Parce  que  j’étais  minuscule,  parce  que  j’étais  maigre,  parce  que  mes  bras  et  mes  jambes  étaient  raides  comme  des  dessins  d’enfant,  les  garçons  un  peu  plus  grands  me  protégeaient.  Ils  me  donnaient  ce  que   je  voulais.   Ils  pensaient  qu’un  coup  de  vent  me  ferait  chavirer  comme  un  bateau  en  papier  quand  l’eau  lui  mord  le  ventre.  
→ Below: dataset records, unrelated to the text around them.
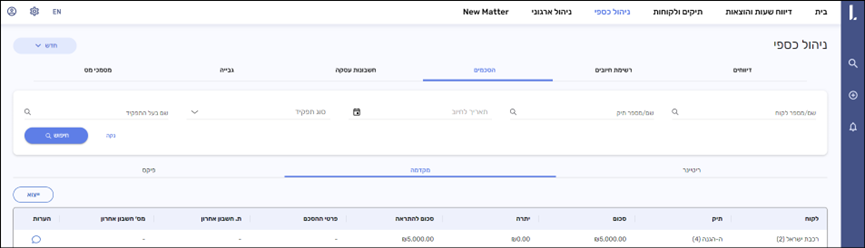 במעבר בין כרטיסיות בלשונית 'ניהול כספי' – הסינונים של לקוח ותאריכים נשמרים.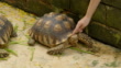 Front view of two golden tortoises with Asian child hands holding tortoise shell.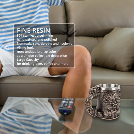 2. Vintage Design: ten kubek Viking ma wygląd Viking z retro antycznym brązem, który może być używany nie tylko jako kubek do picia, ale także jako wyjątkowa dekoracja kolekcjonerska.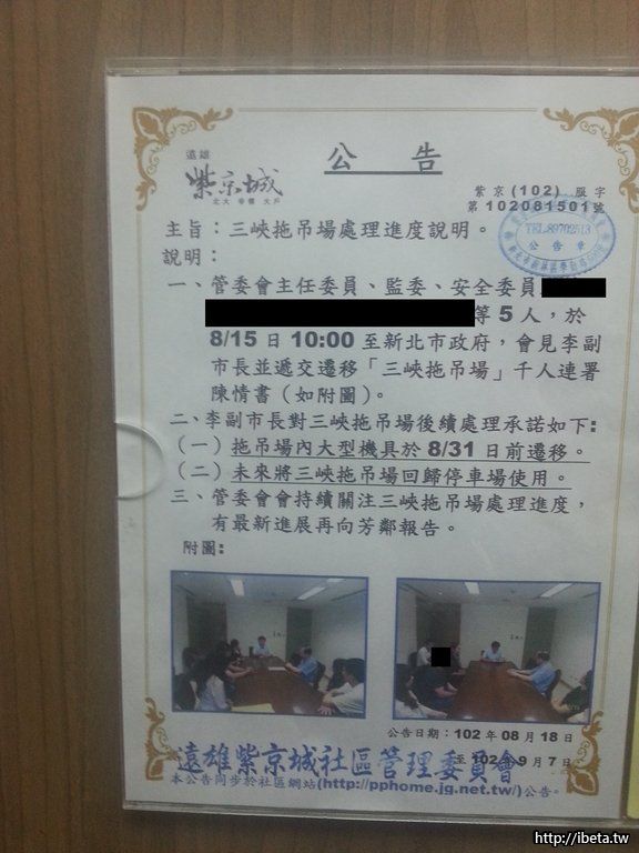 前陣子沸沸騰騰的議題,停二用地三峽拖吊場回歸停車場使用,請問有何進度了嗎? 社區公告看到8/31大型機具將移除,但昨日路過發現,還是沒有任何的變化~知道詳情的鄰居們請幫我解惑也!! 謝謝!!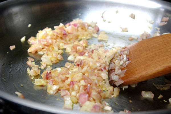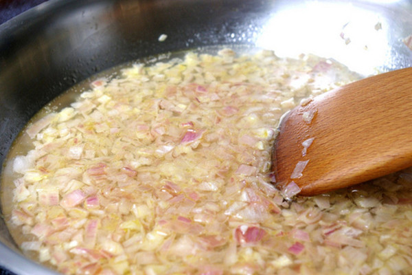 Caliti ceapa pana se inmoaie, aprox 5-7 min pana se evapora vinul si ramane ceapa caramelizata.Se trage tigaia de pe foc si se adauga cubuletele de unt.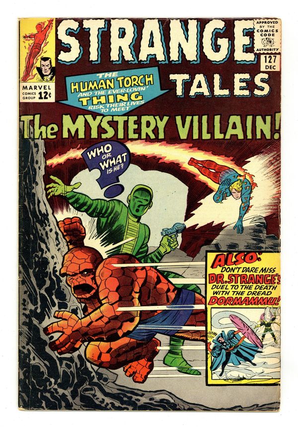 Ended Jun 5 2023 Winning Bid $45 Cover pencils by Jack Kirby and Steve Ditko (inset), inks by Chic Stone and Steve Ditko (inset). The Human Torch and the Thing star in "The Mystery Villain!", script by Stan Lee (co-plot, dialogue) and Dick Ayers (co-plot), pencils by Dick Ayers, inks by Paul Reinman; Following a race, Ben and Johnny complain to Reed that they've done pretty good and don't need a leader; Reed tells them they're free to work on their own; Ben and Johnny take part in a high-speed race, but discover on arrival that they're the only two contestants; Sub-Mariner cameo. "Duel with the Dread Dormammu!", script by Steve Ditko (plot) and Stan Lee (dialogue), art by Steve Ditko; The mysterious girl appears and takes Strange to The Mindless Ones, destructive creatures who are held back from killing by Dormammu's willpower; Dormammu imprisons the girl for betraying him and the battle begins; With Dormammu concentrating on defeating his foe the barrier holding The Mindless Ones collapses; he is forced to join forces with Strange to stop them; Guest starring Clea; Dr. Strange receives his amulet and red-and-yellow cloak of levitation from the Ancient One. A Marvel Masterwork Pin-Up of The Thing, pencils by Jack Kirby, inks by Chic Stone. 36 pgs., full color. NOTE: 2nd appearance of Dormammu and Clea. 1st appearance of The Eye of Agamotto and Cloak of Levitation. 1st battle between Doctor Strange and Dormammu. Cover price $0.12. Grade: VG- 3.5 explanation of grade Condition: Used (collectible)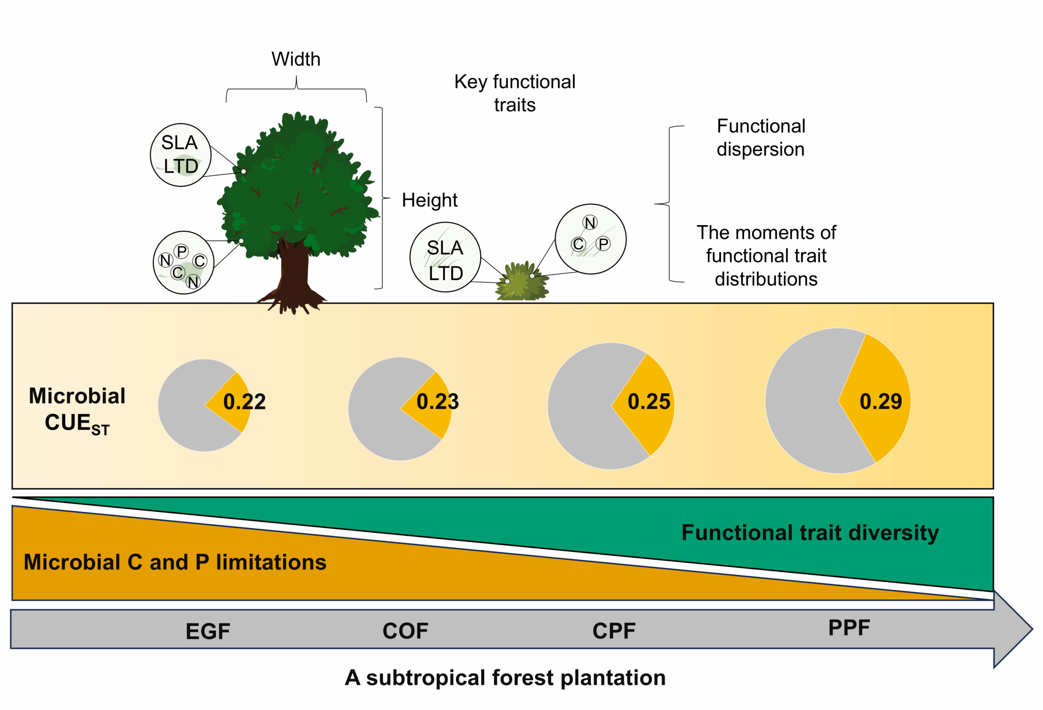近日,中科院土壤学领域前3%双一区Top期刊《Soil Biology and Biochemistry》(IF2025: 10.3)在线发表了黄从德教授团队题为“Functional trait diversity in overstorey and understorey increases microbial carbon use efficiency in a forest plantation soil”(亚热带人工林冠层和林下植被功能性状多样性增加了土壤微生物碳利用效率)的研究论文。公司博士研究生万仁平为该论文第一作者,黄从德教授和青年教师周世兴博士为论文共同通讯作者,英国365上市公司为第一单位,四川省林业科学研究院、中国科公司成都生物研究所、台州公司、德国哥廷根大学、澳大利亚西澳大学和立陶宛维陶塔斯·马格纳斯大学为论文合作单位。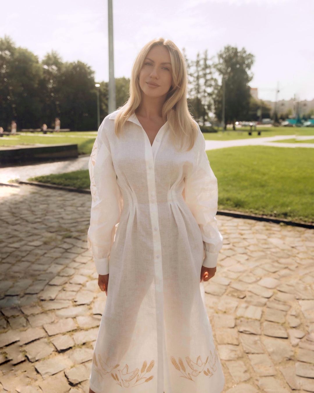 Святковим вбранням Лесі Нікітюк стала біла сукня на ґудзиках, прикрашена золотистою вишивкою у вигляді колосків та птахів. Вбрання з тонкого льону в сонячному світлі виглядало напівпрозорим і дуже ніжним.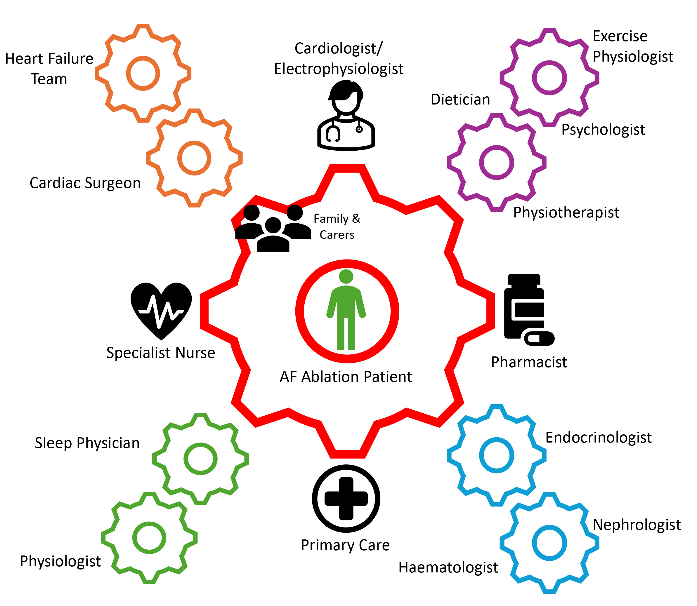 Fig. 3. Demonstration of the multi-disciplinary team ‘hub-and-spoke’ approach to the management of patients undergoing an AF ablation procedure. AF, atrial fibrillation.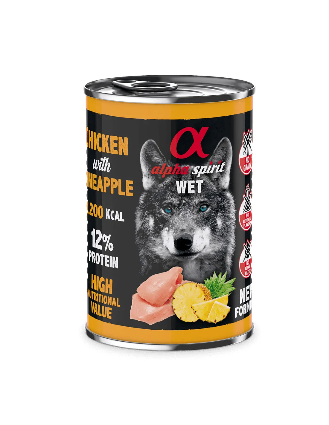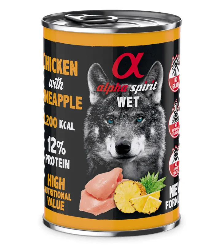 КОНСЕРВИ ДЛЯ ДОРОСЛИХ СОБАК АЛЬФА СПІРІТ З КУРКОЮ ТА АНАНАСАМИ 400г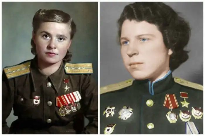 Женщины летчицы- ГСС - Герой Советского Союза Марина Долина (летчица, более 70-ти боевых вылетов) и Майор Евдокия Андреевна Никулин, командир эскадрильи 46-го гвардейского ночного бомбардировочного полка, Герой Советского Союза.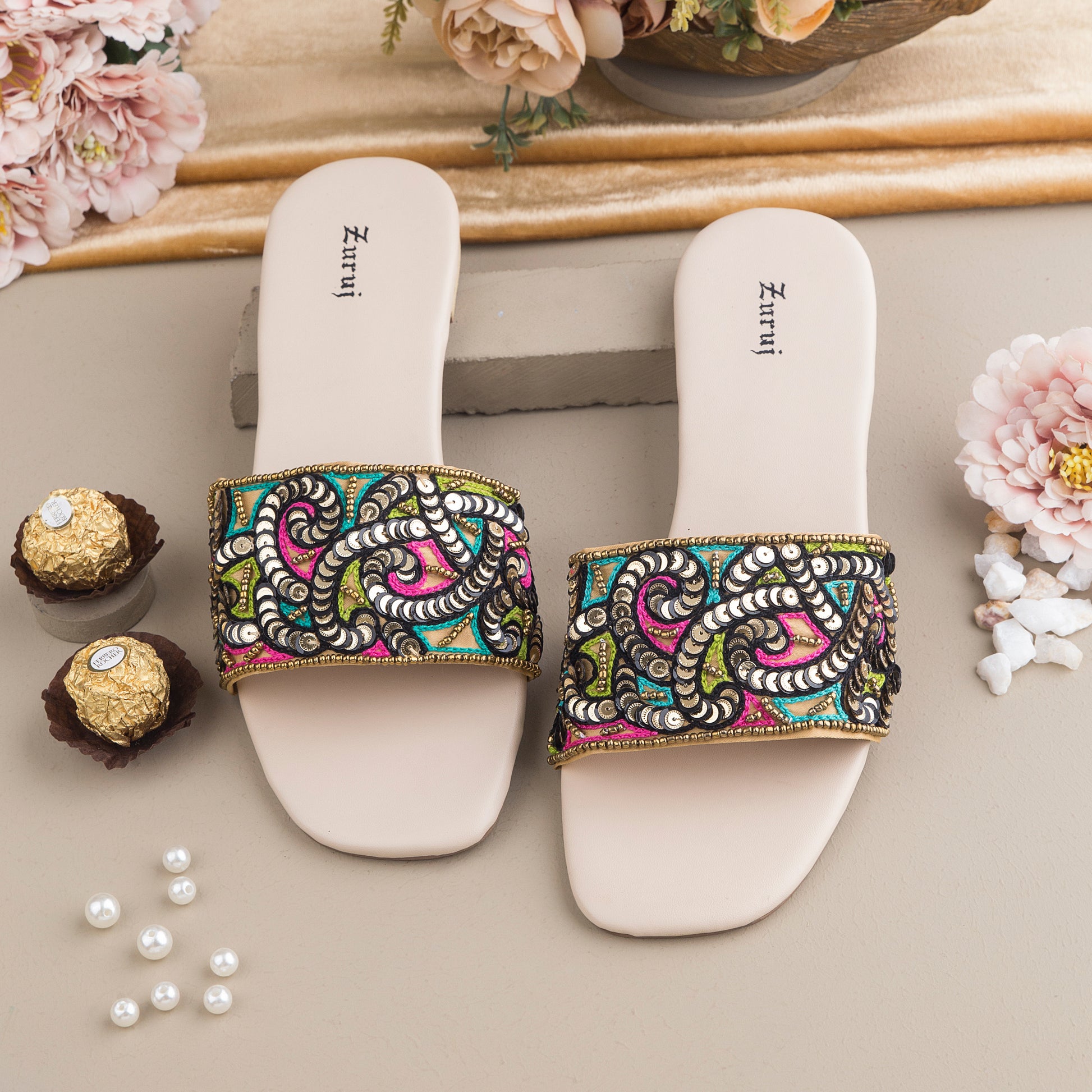 FL-42-BLACK is a quintessential exemplary of pleasant, luxurious and traditional artistry FLATS made with beautiful hand made work . These are the adorable heritages of Pakistan that are hand-sewed by determined cordwainers of rural areas to exhibit the utmost beauty of prepossessing feet.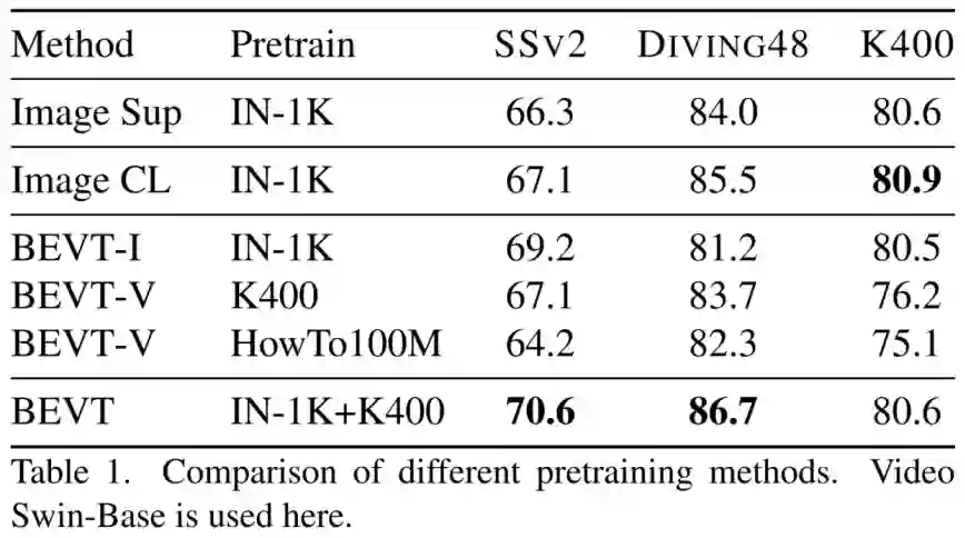 由于在大规模视频数据上从头开始预训练视频 Transformer 十分低效,BEVT 首先在 ImageNet-1K 上自监督预训练图像通路,使模型学习到良好的空间表征;之后再用图像通路模型初始化视频通路模型,进行双路联合自监督训练,其中掩码图像建模任务使 Transformer 模型保留了空间信息表征能力,掩码视频建模任务使模型学习如何提取视频中的时间动态信息。这种策略不仅使得 BEVT 更加高效,而且使得预训练得到的模型能够对不同类型的视频提取不同的判别性特征。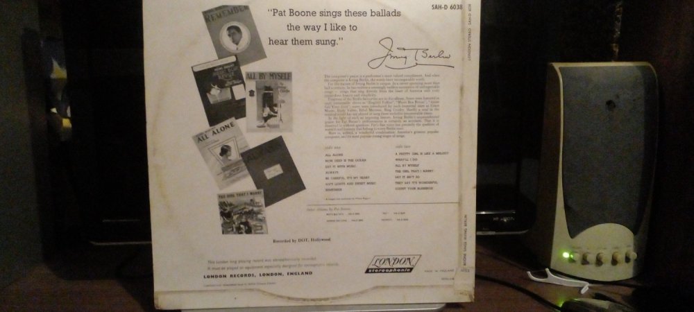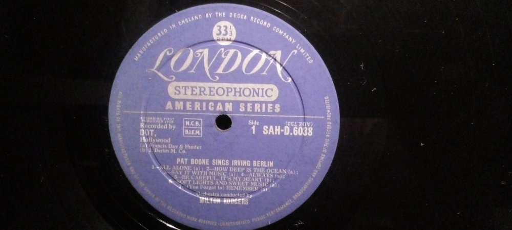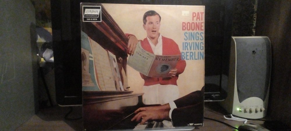 Эта пластинка- сейчас уже музейная редкость , 1957 год, а состояние почти как с магазина, не перепечатка, английский стереовариант, первопресс! Ирвинг Берлин, как оказалось родившийся то ли в Тобольске, то ли в Тюмени, российский еврей, уехавший в Америку, по-моему ещё до революции, писавший там музыку для мюзиклов и оперетт, был очень знаменит, благодаря созданию им шедевра-"Боже, храни Америку!" А на этой пластинке, он совместно с Пэтом Буном, исполняет композиции своего собственного сочинения в качестве аккомпаниатора Буну, а помогает в этом оркестр п/у Милтона Роджерса. -

J’étais  un  bateau  en  papier.  L’eau  imbibait  mon  ventre,  mes  flancs,  mes  jambes,  mes  bras.  Je   ne   le   voyais   pas.   Je  me   croyais   forte.   Je   calculais  mes   chances.   J’évaluais   chaque   instant.   Je  savais  demander  sans  en  avoir  l’air.  

Un  crayon,  une  gomme,  une  règle,  n’importe  quoi.  Ils  me  les  donnaient.  Sur  leur  visage,  il  y   avait   ce  bref   adoucissement  qui   changeait   tout,   qui   leur  donnait  une  apparence  humaine.  Et  puis,  un  jour,  quand  j’ai  demandé  comme  d’habitude  sans  en  avoir  l’air,  on  m’a  demandé  quelque  chose  en  retour.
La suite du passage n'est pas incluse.